その日から、俺の中で“信仰”は揺らいだ。
俺が信じていた“神”は俺を否定したからだ。
俺は自分が信じられなくなった。そして、無我夢中で『これは何かの間違いだ』と焦燥感に駆られ、王立騎士になるという立身栄達に支配されて道を踏み間違えた。
「無才ゆえの末路を貴方は知っている筈では?」
「…………たしかに、俺には“騎士”としての才能は無かったのかも知れません。自分の想いに正直で、組織の倫理にすら時に歯向かう……俺は貴女のような“装置”にはなれなかった。そして、王立ダモクレス騎士団の消滅を引き起こして挫折した……」
「そうです……女神アーカーシャ様の裁定は正しい」
「けど、たとえ間違っていたとしても……“騎士”を目指して戦った日々は無駄ではなかった。手に入れた名声も、失った絆も……全ては今の自分に続いている。冒険者として、王立騎士として駆け抜けた日々は……今も俺の“魂”に刻まれている」
「それが……貴方の“信仰”にどう関係あると?」
俺は女神アーカーシャに『貴方には騎士の才能は無い』と直々に宣言された。そして、その無慈悲な宣言通り、俺は王立騎士としての破滅を辿った。
けれど、その破滅も今の俺を形作っている。
その過ちを無かった事にはできない。
間違ったまま進んで、多くの生命を奪った。多くの人々と敵対した。多くの“願望”を打ち砕いた。俺には“罪”がある、その現実から目は逸らす事はできない。

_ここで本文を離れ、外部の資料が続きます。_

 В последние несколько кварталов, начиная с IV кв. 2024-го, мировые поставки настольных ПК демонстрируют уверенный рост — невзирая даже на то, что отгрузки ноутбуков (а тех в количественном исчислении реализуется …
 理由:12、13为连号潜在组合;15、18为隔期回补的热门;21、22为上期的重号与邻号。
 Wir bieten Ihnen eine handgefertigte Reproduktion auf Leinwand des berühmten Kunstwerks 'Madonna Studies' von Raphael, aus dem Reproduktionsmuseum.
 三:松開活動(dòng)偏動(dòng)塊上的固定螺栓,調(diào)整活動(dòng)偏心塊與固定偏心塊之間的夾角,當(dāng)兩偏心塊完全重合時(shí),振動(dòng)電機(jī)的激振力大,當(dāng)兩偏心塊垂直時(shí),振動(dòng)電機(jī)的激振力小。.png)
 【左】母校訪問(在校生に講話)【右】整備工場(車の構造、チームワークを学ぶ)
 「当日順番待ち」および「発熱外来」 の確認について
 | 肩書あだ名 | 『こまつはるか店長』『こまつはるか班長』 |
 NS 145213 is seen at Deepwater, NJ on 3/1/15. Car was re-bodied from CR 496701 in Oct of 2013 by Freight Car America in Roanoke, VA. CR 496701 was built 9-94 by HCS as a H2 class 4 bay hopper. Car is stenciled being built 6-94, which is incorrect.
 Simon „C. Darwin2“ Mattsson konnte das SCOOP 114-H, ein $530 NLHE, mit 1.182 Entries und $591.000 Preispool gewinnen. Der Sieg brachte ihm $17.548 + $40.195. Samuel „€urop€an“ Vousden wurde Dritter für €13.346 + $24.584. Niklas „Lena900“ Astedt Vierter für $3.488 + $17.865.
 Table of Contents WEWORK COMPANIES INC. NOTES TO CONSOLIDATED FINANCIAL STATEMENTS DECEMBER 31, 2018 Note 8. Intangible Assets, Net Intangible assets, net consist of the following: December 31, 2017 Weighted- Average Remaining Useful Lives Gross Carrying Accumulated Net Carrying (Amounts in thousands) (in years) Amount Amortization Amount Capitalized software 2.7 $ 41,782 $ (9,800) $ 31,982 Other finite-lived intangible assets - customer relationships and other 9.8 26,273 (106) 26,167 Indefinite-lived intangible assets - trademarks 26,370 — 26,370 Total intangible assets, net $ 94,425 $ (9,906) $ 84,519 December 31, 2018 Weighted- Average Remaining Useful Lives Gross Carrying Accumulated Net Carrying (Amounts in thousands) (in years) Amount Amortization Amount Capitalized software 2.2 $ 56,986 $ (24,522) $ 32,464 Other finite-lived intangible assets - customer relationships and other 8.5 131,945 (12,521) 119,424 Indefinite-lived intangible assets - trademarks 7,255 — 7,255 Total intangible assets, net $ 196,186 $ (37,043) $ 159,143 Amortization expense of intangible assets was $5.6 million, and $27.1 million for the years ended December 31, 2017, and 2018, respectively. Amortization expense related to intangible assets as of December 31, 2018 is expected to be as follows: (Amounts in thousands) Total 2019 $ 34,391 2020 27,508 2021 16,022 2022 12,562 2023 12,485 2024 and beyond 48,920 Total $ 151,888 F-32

「俺はたくさん道に迷いました……けれど、そんな俺を常に支えてくれた女性が居ました。どんなに間違えても、どんなに挫折しても、ずっと俺を支えてくれていた“相棒”が居ました……」
「…………ノア=ラストアーク」
「ノアは……いつも俺に道を示してくれた。女神アーカーシャから見放された俺を……必要としてくれた。彼女は……俺をずっと“騎士”だと言ってくれた」
ノアは言った、人間には“信仰”が必要だと。“神”とは“信仰”を手っ取り早く形にした存在にすぎないのだと。信仰の対象が空席になれば、人間は空席に『別の何か』を座らせて神格化させるるのだと。
ならば、女神アーカーシャが消えた俺の“信仰”の空席に座ったのは、間違いなくノア=ラストアークその人だろう。何故なら、俺はずっと“ノアの騎士”として戦い続けていたのだから。
「貴方と同じです……俺はノアが必要としてくれたから、彼女の“願望”を支えたいと思うようになった。あの日……魔狼に傷を負わされた俺を救った瞬間から、ノアこそが俺の“神”になっていた」
「だから女神アーカーシャ様に逆らうと……」
「ノアの“願望”の前に敵が立ち塞がるのなら……俺はその尽くを斬る。それが“ノアの騎士”として……ノアを生涯の“王”と見定めた我が使命……!」
「その殺戮は……貴方が非難する教団と同じでは?」
「ええ、その通りでしょう……俺はノアの為なら、この手を血で染める事を厭わない。けれど、その殺戮を俺は決して『正義』だとは思わない……我が王もそのようには思わないでしょう」
「では……間違ったまま進むと言うのですか?」
「必要なら手を染めます……けれど、どうしても受け入れられないのなら、俺は我が王にも異を唱えます。ノアは絶対の『正義』なんかじゃない……何度も失敗や間違いを犯す人間なのだから」
「そんな不完全な存在……“神”だとは言えませんね」
「たしかに……ノアは不完全でしょう。リアクションは大袈裟で何もかも演技臭いし、隙あらばふざけて場を白けさせる……とてもじゃないですが、清楚な淑女とは言い難い」
「ならば、なぜ彼女を信仰するのですか……」
「けれど、そんなポンコツなノアが……どうしてか堪らなく、愛おしいと思ったから。もっとノアを知りたい、もっとノアを支えたい、もっとノアの欠点を補いたい……そう思ったら、いつの間にか俺はノアを信仰していた」
ノアは欠点まみれな“不完全な存在”だ。何でもかんでも大げさにリアクションをとって、隙をみてはふざけて、時には大胆にトンチキな事をして俺を振り回す。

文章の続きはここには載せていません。